§ **Given information**:

....

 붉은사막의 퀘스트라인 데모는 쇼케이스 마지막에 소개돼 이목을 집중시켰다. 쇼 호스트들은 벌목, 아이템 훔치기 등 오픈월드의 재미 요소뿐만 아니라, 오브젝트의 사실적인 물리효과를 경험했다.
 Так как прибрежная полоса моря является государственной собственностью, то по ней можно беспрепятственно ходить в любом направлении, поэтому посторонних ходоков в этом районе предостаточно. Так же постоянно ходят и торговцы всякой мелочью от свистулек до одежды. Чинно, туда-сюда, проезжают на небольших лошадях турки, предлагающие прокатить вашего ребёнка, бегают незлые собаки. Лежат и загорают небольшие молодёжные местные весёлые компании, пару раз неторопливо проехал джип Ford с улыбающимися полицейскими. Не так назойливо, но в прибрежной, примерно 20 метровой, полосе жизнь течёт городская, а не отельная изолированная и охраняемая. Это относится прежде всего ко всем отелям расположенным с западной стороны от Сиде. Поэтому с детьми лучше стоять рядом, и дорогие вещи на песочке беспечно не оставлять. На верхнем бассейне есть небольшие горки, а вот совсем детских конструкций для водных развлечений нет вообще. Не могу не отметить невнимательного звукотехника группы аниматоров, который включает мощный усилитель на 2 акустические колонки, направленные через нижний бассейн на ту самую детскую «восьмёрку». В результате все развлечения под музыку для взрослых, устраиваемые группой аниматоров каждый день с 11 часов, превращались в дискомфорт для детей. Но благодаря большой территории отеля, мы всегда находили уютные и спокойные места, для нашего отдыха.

....

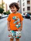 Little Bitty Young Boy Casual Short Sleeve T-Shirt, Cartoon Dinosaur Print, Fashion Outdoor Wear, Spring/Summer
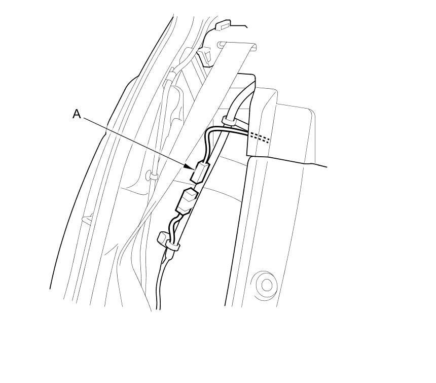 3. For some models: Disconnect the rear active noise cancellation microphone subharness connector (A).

....

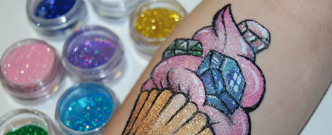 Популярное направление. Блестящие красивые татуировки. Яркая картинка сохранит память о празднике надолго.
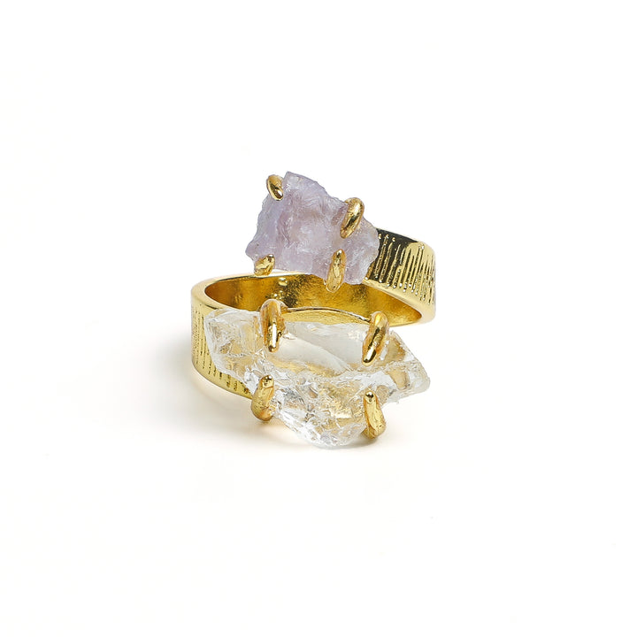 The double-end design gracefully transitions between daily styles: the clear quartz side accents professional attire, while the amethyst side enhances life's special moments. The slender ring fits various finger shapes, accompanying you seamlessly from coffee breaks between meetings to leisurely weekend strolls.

....

§ **Required work**: Beginning at the line that has "Популярное направление. Блестящие" and ending at the line that has "The double-end design", restate the listing above word for word, pictures left out.

§ **Solved problem**:
 Популярное направление. Блестящие красивые татуировки. Яркая картинка сохранит память о празднике надолго.
 The double-end design gracefully transitions between daily styles: the clear quartz side accents professional attire, while the amethyst side enhances life's special moments. The slender ring fits various finger shapes, accompanying you seamlessly from coffee breaks between meetings to leisurely weekend strolls.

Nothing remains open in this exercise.